Our house on Sweeny Street was one of those houses; its twin next to us was another. Joseph Caruso moved numerous homes throughout the Portola District, his center of operations. He was just a small-time contractor who, it turned out, was one of the last San Francisco house-moving entrepreneurs in the waning years of the citys moving history.
Now fast forward 40 years, when an amazing photograph of a two-story Victorian house being moved downhill via a team of draft horses and some wooden rollers caught my eye, releasing a floodgate of memories of Joseph Caruso and his unusual business.
As I investigated San Franciscos moved-building history, I was amazed to discover that the citys house-moving adventures were second only to Chicagos. It is also astonishing to note that the heyday of San Franciscos relocation actually occurred between 1850 and 1920, when so many houses were moved that San Franciscans came to consider them a nuisance and complained about the street-hogging houses that wandered irresponsibly from block to block in search of new lots as the city expanded and constantly revised its sidewalks, boundaries, and grid lines.

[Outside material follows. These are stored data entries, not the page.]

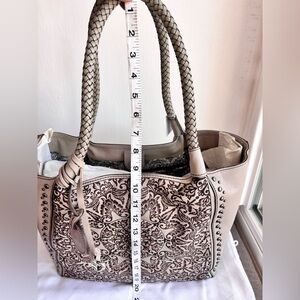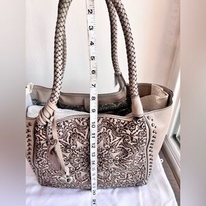 NEW WITH TAGS BRIGHTON FERRARA NOVA "RAFAELA" Beachwood 3D Studded Soft Leather Front MedallionTote Bag
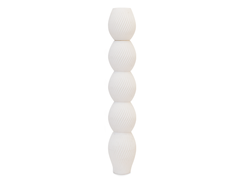 El Totem trinity es una pieza escultórica decorativa de gran impacto visual, ideal para ambientaciones sofisticadas y contemporáneas en eventos. Su diseño vertical está compuesto por cinco módulos apilados con formas orgánicas y texturas onduladas que evocan movimiento y elegancia. Fabricado en un acabado blanco mate, este tótem se convierte en un punto focal que aporta altura, estilo y dinamismo a cualquier espacio, ya sea en entradas, lounges o áreas de exhibición. Disponible para renta, es una opción perfecta para quienes buscan destacar con arte y diseño en sus montajes.
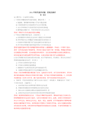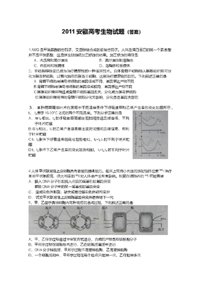 2011年高考重庆高考理综生物试题含答案word版.doc
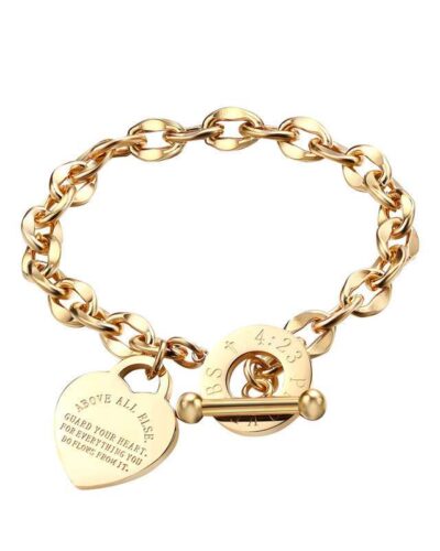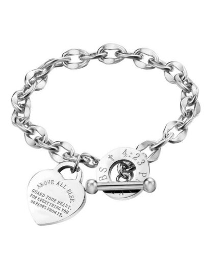 Biblical proverbs engraved on a premium stainless steel heart bracelet cleverly combine faith and fashion. Gain energy with every move. Waterproof and fade-resistant.
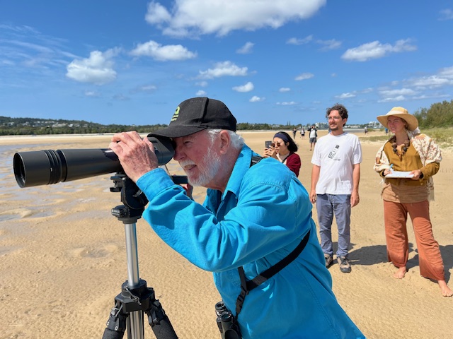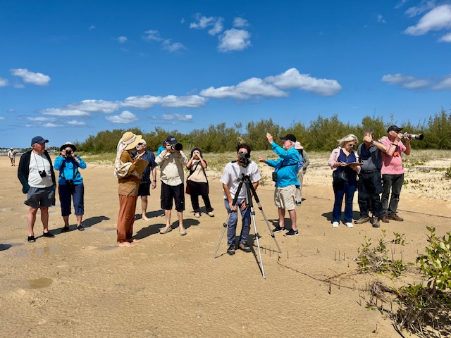 Monday 17th March 2025. After postponing our event due to Cyclone Alfred, on a perfect Noosa morning, we were finally onboard two ‘O’ Boats, under the expert and knowledgeable guidance of Russ Lamb, supported by John Bloomfield. We learnt about the amazing migratory Shorebirds who fly from Alaska and Siberia for our summer and how critical to their return journey are Sand Island and its sand-spits in the Noosa River estuary. It is so important that disturbances by boats, people, dogs must be kept to a minimum. We learnt how to ID the different Shorebird species and the ‘theory’ of how to count them. That is not something to master without LOTS of practice, even with a large Scope and Binoculars.
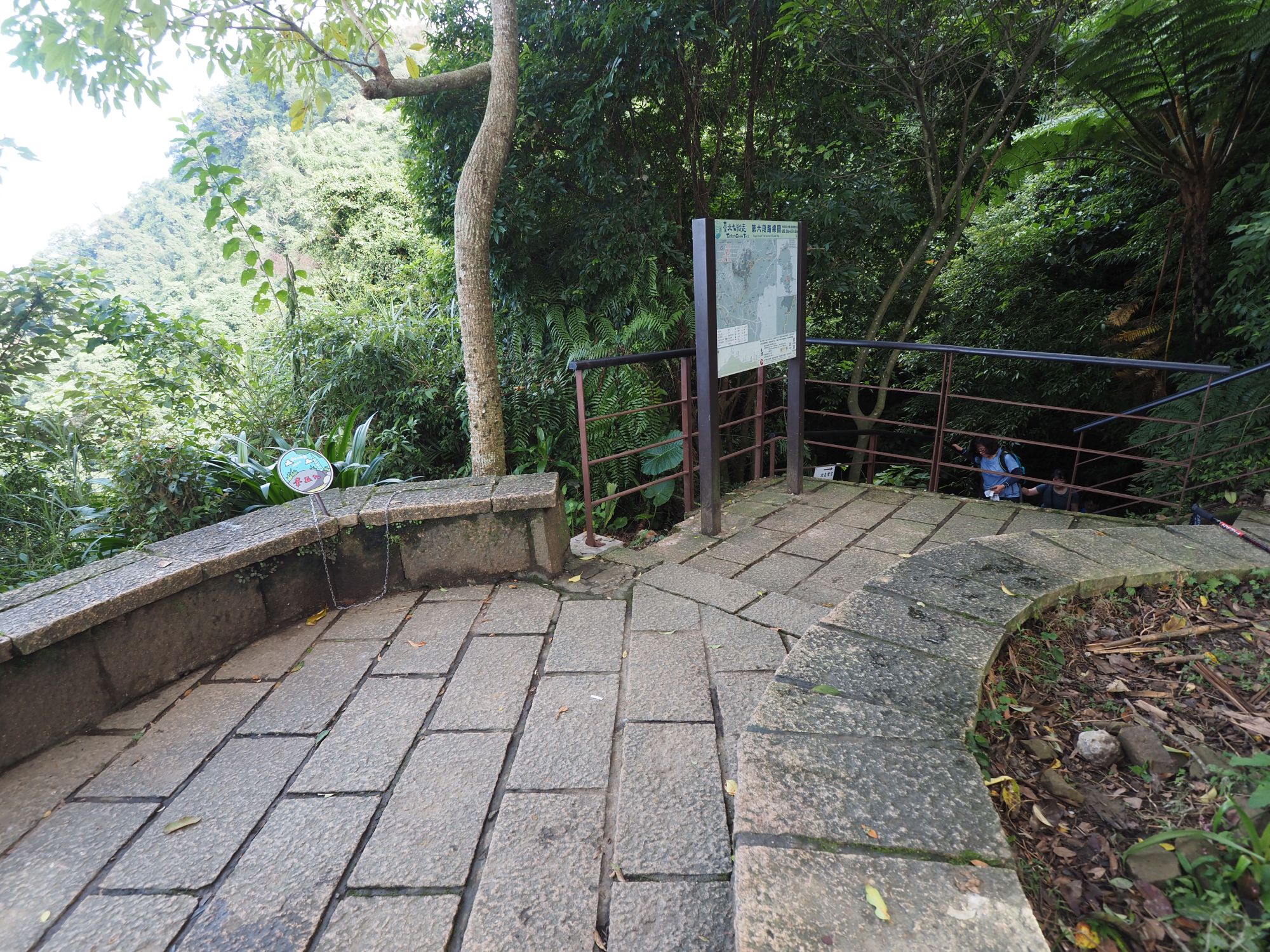 コース概要:吳興街バス停から松仁路281巷を経て信義路5段150巷を山の方向に進む。多くの登山者は、象山から入るので、この辺りでは登山者多くない。住宅が切れ沢沿いに行くと、左に塀で囲まれた大きな施設(陸軍後勤訓練中心)を見る。この塀が切れたところの曲角を左に曲がり、山へと進む。
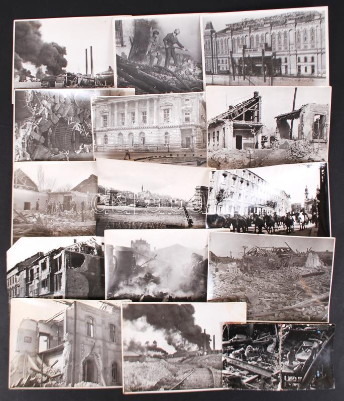 1944-1945 21 db kfl méretű fénykép Bp-ről, a háborús pusztításokról, Tiszavölgyi József hagyatékából, néhány feliratozva, többsége pecséttel jelezve; 9x8 cm és 13x18 cm közötti képméretek
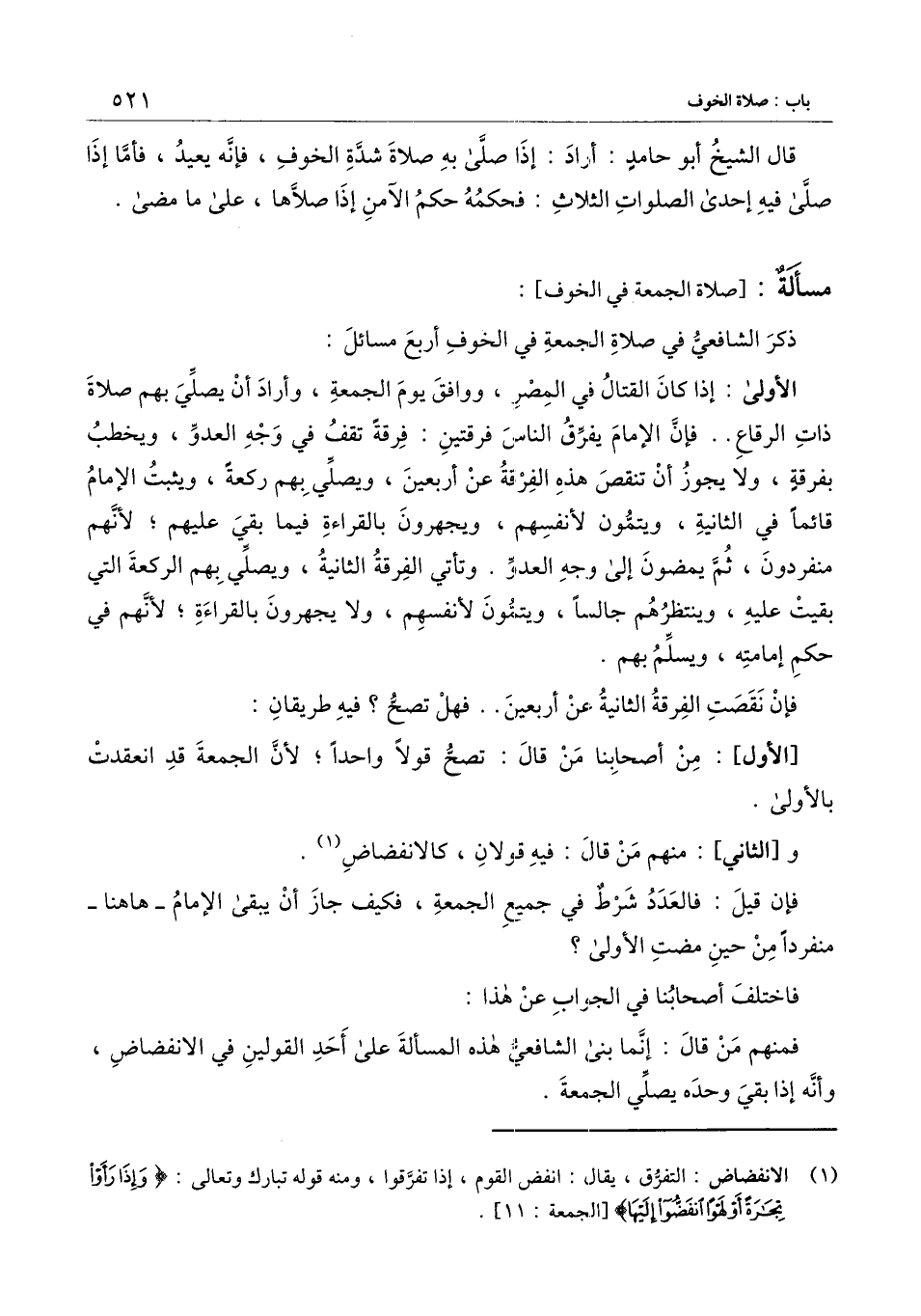 ] : ذكر الشافعي في صلاة الجمعة في الخوف أربع مسائل:
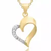 hjerte sett med øredobber og halskjeder i forgylt sølv med og fasettslipt hvit zirkon.
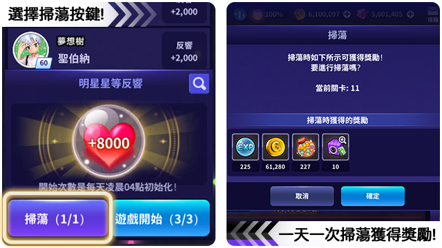 ■ 一天可以進行1次掃蕩。
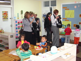 前来参观的代表团成员为来自澳大利亚各州读写教育方面的教授、校长和教师。总园长黄珊、本园园长杜军、科研室主任田瑞清、全托部主任高以华以及培训部助理董佑静接待并与参观者进行了座谈,代表团成员对我园“阅读课题”以及蒙氏班读写教育的开展情况表现出浓厚的兴趣。之后,代表团又兴致勃勃地参观了我园图书馆和部分班级,对我园在读写教育方面的工作给予了很好的评价。
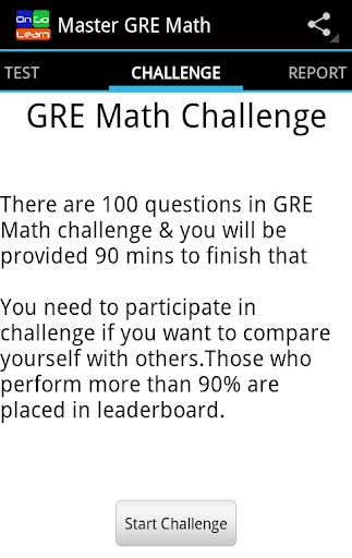 GRE Math Challenge has also 100 questions. Take the challenge after you finish tutorial, practice exercise & practice test. This is basically for comparing your performance with others.
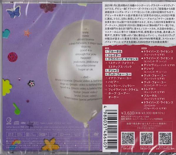 Olivia Rodrigo: サワー LTD Die Version auf CD/DVD in limitierte Auflage. Diese besondere Auflage wurde veröffentlicht in Japan im Verlag Geffen Records am 28. Januar 2022.
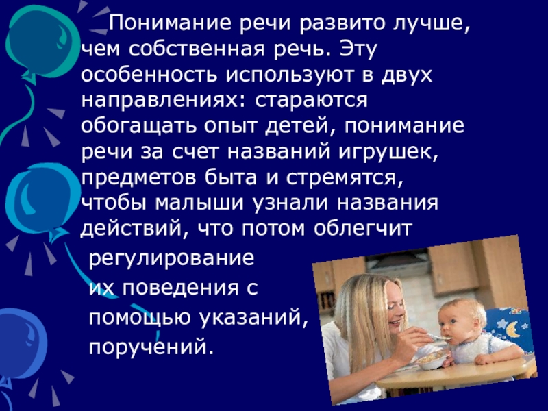 Слайд 10 Понимание речи развито лучше, чем собственная речь. Эту особенность используют в
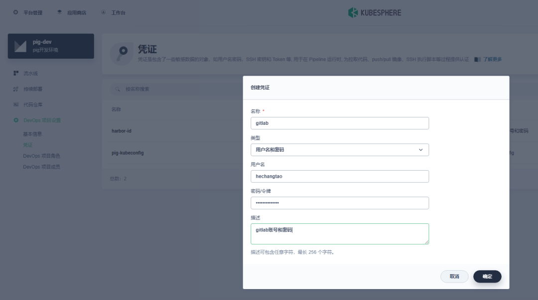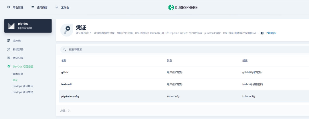 K8s 容器化环境一套,并部署完 KubeSphere v3.3.0 版本,启用 DevOps 插件。搭建高可用的 K8s 集群可参考 👉基于青云 LB 搭建高可用的 K8s 集群、👉青云 LB(负载均衡) 与 K8s 实战(二)。 GitLab 代码仓库管理开源系统一套。 Harbor 容器镜像开源系统一套,搭建可参考 👉Harbor 高可用集群设计及部署。 SonarQube 开源自动代码审查工具一套,搭建可参考 👉SonarQube 实战:部署(一)、👉SonarQube 实战:各种姿势的代码审查(二)(可选,主要用于代码质量检查)。 一个更易于构建云原生应用的动态服务发现、配置管理和服务管理的 Nacos 开源平台一套,搭建可参考 👉基于 Docker 搭建 Nacos 高可用集群(可选,Pig 已提供 Naocs 服务,即 Register 服务)。 高性能的 key-value 数据库 Redis(3.2 +)一套(Pig 需要)。 关系型开源数据库管理系统 MySQL 一套(Pig 需要)。 高性能对象存储 Minio 一套(Pig 中文件上传需要,可选)。或者阿里云、华为云、腾讯对象存储也可。搭建可参考 👉你好,MinIO。
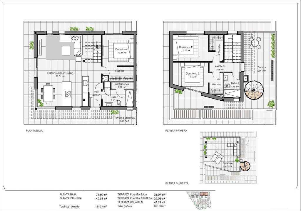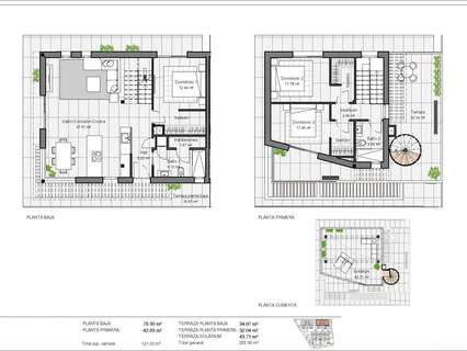 Viviendas modernas con 3 amplios dormitorios con armarios empotrados (el principal en planta baja, con baño y vestidor en suite), 2 amplios baños, gran salón-comedor con cocina abierta, amplias terrazas.
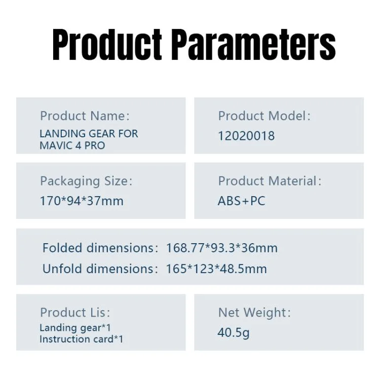 3. Durable & Lightweight: Made from high-strength plastic, the entire landing gear weighs only 40g. Its lightweight design does not burden the drones flight performance while maintaining strong load-bearing support.

Mark Twain, one of the loudest (and most literary) of these protesters, used his position as a local reporter for San Franciscos Daily Morning Call to document the wayward buildings and their troublesome journeys through the streets of San Francisco: An old two-story, sheet-iron, pioneer, fire-proof house, got loose from her moorings last night, and drifted down Sutter Street toward Montgomery.
An 1868 article in the California Alta documented the damage done to cobblestones and pavement by house-moving operations as follow: The business of buying those old shells, moving them out of the fire limits, repairing or patching them up, and selling them on long credit, at round prices, has become a regular trade, which is followed by a number of persons with profit to themselves, but loss to the general public. The California Alta called for regulation, fines, and even imprisonment.
And sometimes, the city supervisors took matters into their own hands, as when they decreed that, on Golden Gate Avenue, no permit shall ever be issued allowing the moving of any house along said street for any distance whatever, and no housemoving shall, ever, be done on said street, either along, upon or across the same.